CNN’s Amanpour to Mattis: Why Didn’t You Resign Over Trump’s Rhetoric?

Tuesday on CNN International’s “Amanpour,” host Christiane Amanpour asked former Secretary of Defense James Mattis why he did not resign over President Donald Trump’s “rhetoric.”

Amanpour said, “There are many many things that President Trump said and did over the years that potentially rose to the level of unacceptability in the public sphere. There were many many reasons potentially for somebody, such as yourself, to resign. Why not over any of these?”

She played clips of the president’s remarks after the Charlottesville violence, from Helsinki with the President of Russia Vladimir Putin and saying he and Kim Jong Un “fell in love.”

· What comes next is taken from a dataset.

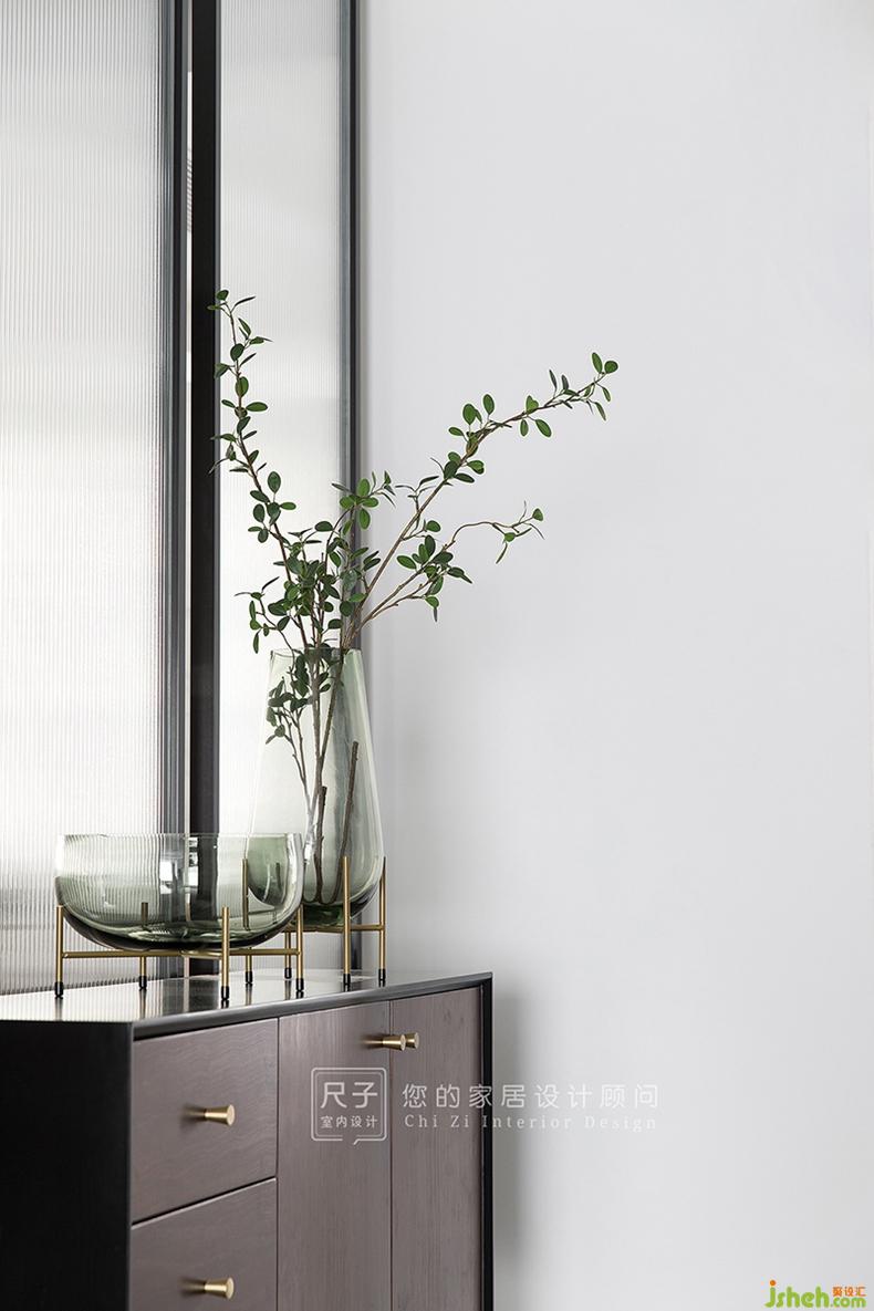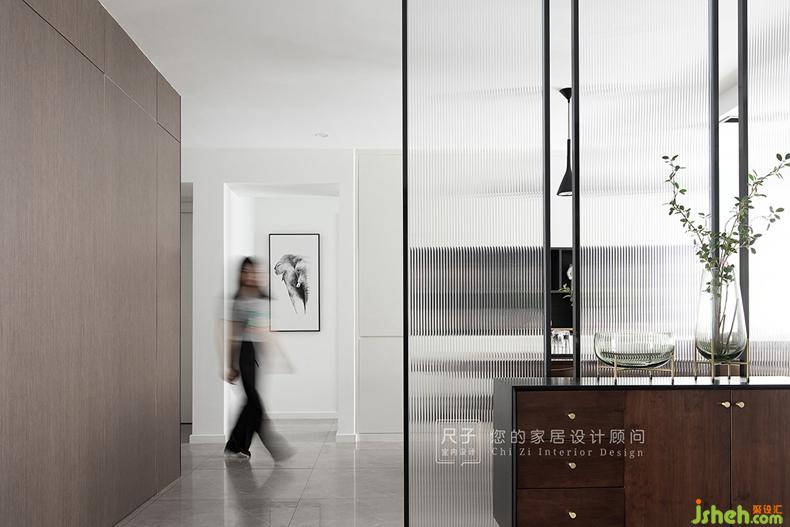 長虹玻璃與胡桃木色矮柜構(gòu)成這個家的入戶端景。深圳設(shè)計公司
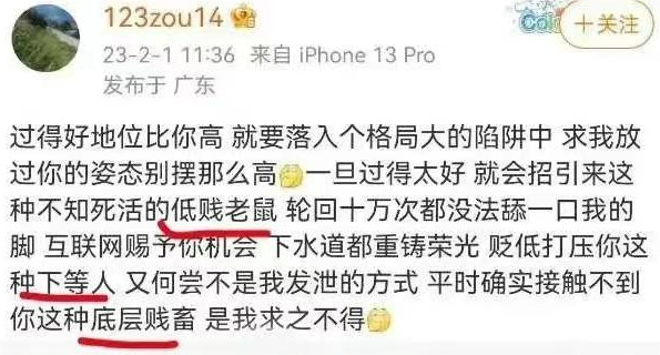 在她眼里,“混得不好”的,就是“低贱老鼠” “底层贱畜”,转世多少回都不配给她舔脚。

Mattis said, “If you go into the military, you swear an oath to uphold the constitution. The elected commander-in-chief is the elected commander-in-chief, but if we’re going to protect this democracy, even in its most raucous moments, even when there are fundamental issues going on, you don’t want the Defense Department coming in and saying we’re not going to defend the country today.”

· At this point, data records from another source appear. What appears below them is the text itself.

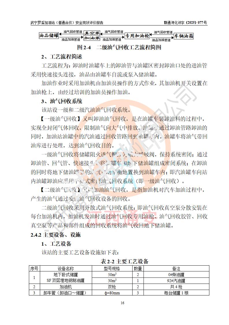 項目簡介 | 武寧羅溪加油站(普通合伙)是一家專門從事成品油零售經(jīng)營的普通合伙企業(yè),經(jīng)營場所位于江西省九江市武寧縣羅溪集鎮(zhèn)南側(cè)?,F(xiàn)有從業(yè)人員6名,其中安全管理人員1人,加油站負責人王智勇。 該加油站占地面積約2138.6m2,站區(qū)內(nèi)設(shè)置有2臺雙槍程控燃油加油機及配套的工藝管線、設(shè)有SF雙層儲罐3臺,其中50m3的0#柴油儲罐2臺、30m3的92#汽油儲罐1臺,油品儲罐總?cè)莘e為130m3(折算成汽油為80m3),按現(xiàn)行《汽車加油加氣加氫站技術(shù)標準》對加油站的等級劃分原則,屬三級加油站。 該站由九江市行政審批局換發(fā)《危險化學(xué)品經(jīng)營許可證》(證號:贛九行審經(jīng)(甲)字[2022]0000180號),**期限2022年12月01日至2025年11月30日。 | |||
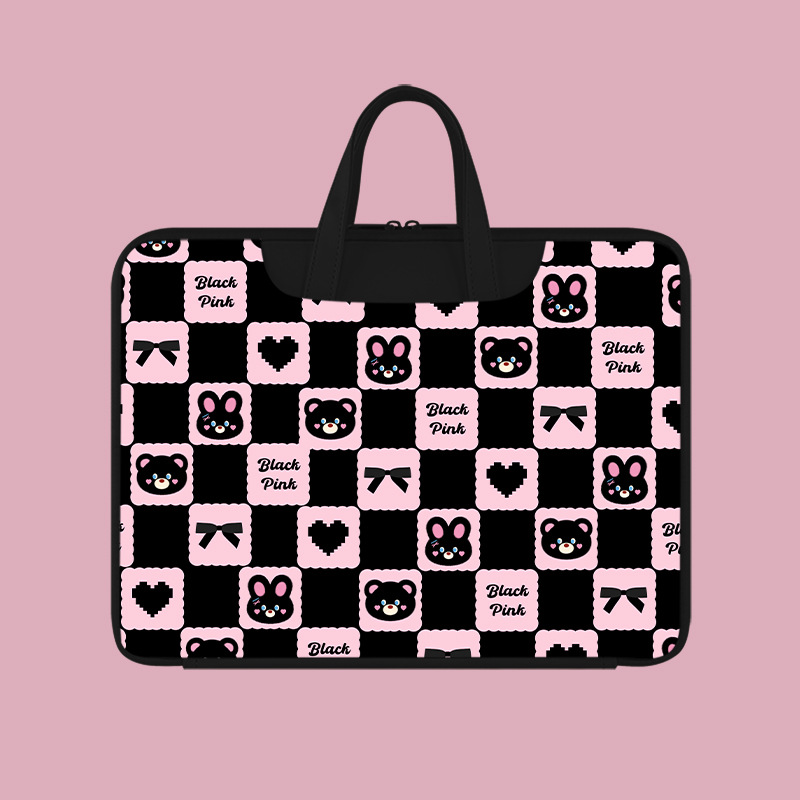 • 체커보드 블랙 핑크 토끼 머리 [여행가방과 함께 사용 가능]
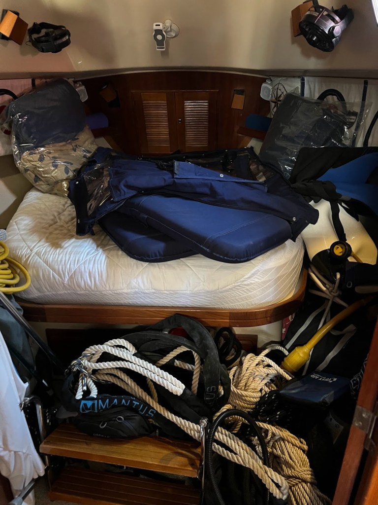 This is the mess that was our master cabin. In order to have people doing work on the boat, we needed to empty the 2 large lockers that we have in the cockpit of the boat so that they had access to install the new autopilot. So, imagine that we take the contents of your garage and put it in your bedroom. Yes, that what we have here. There is simply no other space to put anything so it has to go there. So in order to unpack and put clothes away, we first had to re-home all this stuff. So, yes unpacking 4 duffle bags took all day.
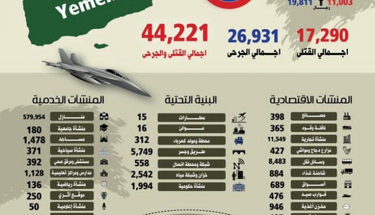 وأضاف التقرير أن طيران العدوان استهدف 15 مطاراً و16 ميناءً و312 محطة ومولد كهرباء.. كما استهدف العدوان 558 شبكة ومحطة اتصال و2542 خزاناً ومحطة مياه و1994 منشأة حكومية و5749 طريقاً وجسراً.

He continued, “The thousands of young troops — they do not get a chance to say ‘I’m going to quit today.’ So what you do is you protect the institution, you protect the country, you stand up for the constitution, but what you don’t do is get engaged in the political fray, the day-by-day, especially right now when it’s so corrosive, you don’t get involved in that and wonder why the country’s now vulnerable because you’ve allowed the troops to be distracted.”

He added, “Abraham Lincoln in 1865, early 1865, the war is still going on, the country is tired of it, there’s just been an election. I don’t think the votes are even all counted yet because it takes months to get the full count. He sends a one-sentence letter, telegram actually to General Ulysses Grant. I’m paraphrasing here. Let nothing that has happened in the political realm disrupt, delay your military operations. In other words, keep your head focused on defending the country. I’ll take care of the politics. That is the tradition from Abraham Lincoln to now that the U.S. military stands by. And by the way, all those young men and women who raise their right hand, all volunteers in a rally to the flag and give you and I and all the rest of us here a blank check payable with their own lives to uphold the Constitution. They’re the people you stay focused on when you’re dealing with the defense of the country. I’ve spent 45 years in uniform or as a secretary of defense. And that’s where I stand.”